Loja Adekanye was succeded by Loja Omolade Adeyokunnu. He was not an indigene of Osu, but a prince of Owa Obokun. Loja Omolade Adeyokunnu’s reign ‘witnessed a dramatic development in the socio-political and economic life of the community.’ It is on record that ‘many of the intractable problems that had hitherto been the hall-mark of the community’s life were resolved during his tenure. An acceptable Loja’s court was completed during his reign. The issue of Oke-Omi/Oke-Osu was eradicated and for once the recognition of Osu as a monolithic cultural group became a reality.’ It was during Loja Adeyokunnu’s reign that ‘Osu became the Headquarters of Atakumosa Local Government Area … Electricity was extended to Osu. The second Grammar School, Osu Community Grammar School was founded and the issue of a central market for Osu was considerably resolved.’
Loja Adeyokunnu was a lover and mentor of youth and he was very accessible. Among Osu youths that were very close to Loja Adeyokunnu include Sir Folorunso Ezekiel Ogunjuyigbe and Mr Dire Goke Arimoro. When I returned to Osu in 1981 as a primary school teacher, I enjoined spending hours with Baba Loja around his throne/office. Loja Adeyokunnu was a major inspiration in the emergence and formation of the Great Reformers Club, Osu. Spiritually, Loja Adeyokunnu was a spiritual catalyst. He used the palace to unite all the churches especially, the beginning of the New Year first week morning prayers that normally climaxed at the palace was a source of renewal for Osu community. Loja Adeyokunnu’s spirituality was a source of encouragement for many Osu’s sons and daughters to come home and be part of the development. Among them were Pa J T Jegede, a business tycoon based in Kano, Pa Obisesan based in Ibadan, Professor Chief Olatunde Ayoola, Chief, Rufus Fasetire, and Pa Chief Joshua Ogunleye, former President, Dockworkers Union, Lagos. With the support of the chief and few elites in the town, Loja Adeyokunnu ‘institutionalised Odun Iyo festival in 1978 which has since been a yearly festival celebrated with pomp and pageantry by all the citizens of Osu,’ and friends. With the support of Loja Adeyokunnu, Atakumosa High School Osu under the leadership of Chief Ade Adefarati experienced an unprecedented landmarks. Loja Adeyokunnu’s seventeen years reign remains ‘the period when Osu attained the apogee of her greatness.’ Loja Adeyokunnu was happily married with God fearing children, grand children and great grand children.

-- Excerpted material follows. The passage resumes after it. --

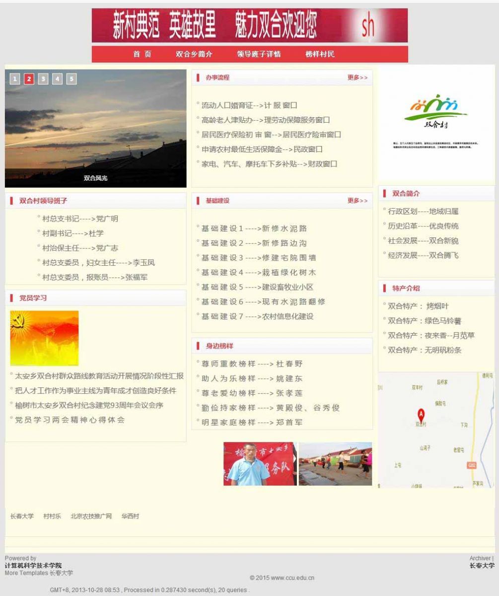 我校与榆树市太安乡双合村为文化、科技共建单位,联合申报的“弘扬团风精神 打造智慧乡村”项目为团省委重点扶持项目,自2014年7月以来帮助双合村建设了“团风”农民信息服务站,计算机科学技术学院志愿者利用周末和假期为广大村民开展家庭电脑使用常识培训、电子商务平台使用培训10余次,为更好的实现社会主义新农村建设的信息化、网络化,帮助村里制作了“英雄故里 魅力双合”网站,并可远程执行村务;管理学院志愿者为了让村里的特色农产品烤烟、月见草能够走出村里扩大市场,在淘宝网协助当地村民开设了首家双合村特色农产品网店为其构建了电子商务平台。2015年2月6日,音乐学院志愿者利用假期时间策划、编排与村民共同演出的“双合梦,长大情”迎新春庆丰收新年联欢会在村农机大库成功举办。改编歌曲《我们在双合相遇》娓娓道来长春大学与双合村科技、文化共建的情谊。根据村里烈士赵子龙创作的诗朗诵《双合英雄赞》,将整场晚会推向高潮,让在场的很多村民和志愿者都热泪盈眶,大学生们纷纷表示要向英雄学习,励志成才报效祖国。

Like the medieval kings clothing, Loja Adeyokunnu was very fashionable, always in white and relatively simple but stylish to distinguish him from the common people. Following his transition on 11th June, 1989, all Osu indigenes resolved to filled the vacant stool with an indigene and Prince Jethro Adegoke Adejola was approved and installed as the fourth Loja of Osu on 11th November, 1989 by the Owa Obokun Adimula of Ijesaland, Owa Aromolaran II. To the glory of God, Osu monarchy has been upgraded from Lojaship by Owa Aromolaran II to an institutional monarch with beaded crown.